Disorder Subdivisions

• None

General Discussion

Cataract-Dental Syndrome is an extremely rare genetic disorder that may be evident at birth (congenital). It is primarily characterized by abnormalities of the teeth and clouding of the lens of the eyes (congenital cataracts), resulting in poor vision. Additional eye (ocular) abnormalities are also often present, such as unusual smallness of the front, clear portion of the eye through which light passes (microcornea) and involuntary, rapid, rhythmic eye movements (nystagmus). In some cases, the disorder may also be associated with additional physical abnormalities and/or mental retardation. The range and severity of symptoms may vary greatly from case to case, including among affected members of the same family.

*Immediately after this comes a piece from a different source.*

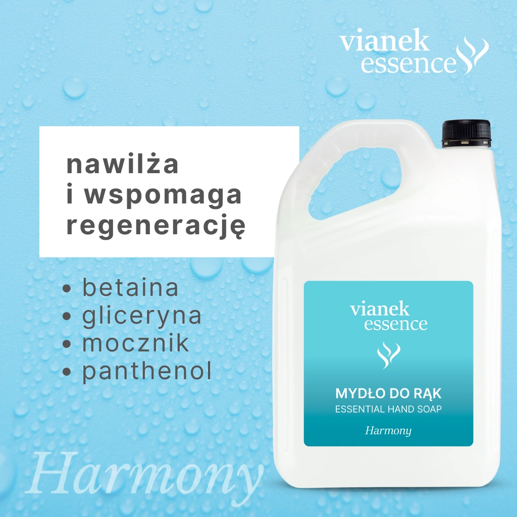 Mydło do rąk Harmony skutecznie oczyszcza, a jednocześnie dba o kondycję skóry dłoni. Wzbogacone o betainę, glicerynę, mocznik i pantenol — łagodzi, nawilża i zapobiega przesuszeniu. Formułę dopełnia elegancki, zmysłowy zapach inspirowany nutami cytrusów, białych kwiatów i wanilii, który sprawia, że każdorazowe mycie dłoni staje się przyjemnym rytuałem.

Cataract-Dental Syndrome is inherited as an X-linked recessive trait; therefore, it is usually fully expressed in males only. However, females who carry a single copy of the disease gene (heterozygotes) may manifest some of the symptoms and findings associated with the disorder. These may include microcornea and/or clouding of the lens of the eyes (posterior sutural cataract). Symptoms are usually less severe than those of affected males, potentially causing only slightly decreased clearness or clarity of vision (visual acuity). In some cases, abnormalities of the teeth may also be present.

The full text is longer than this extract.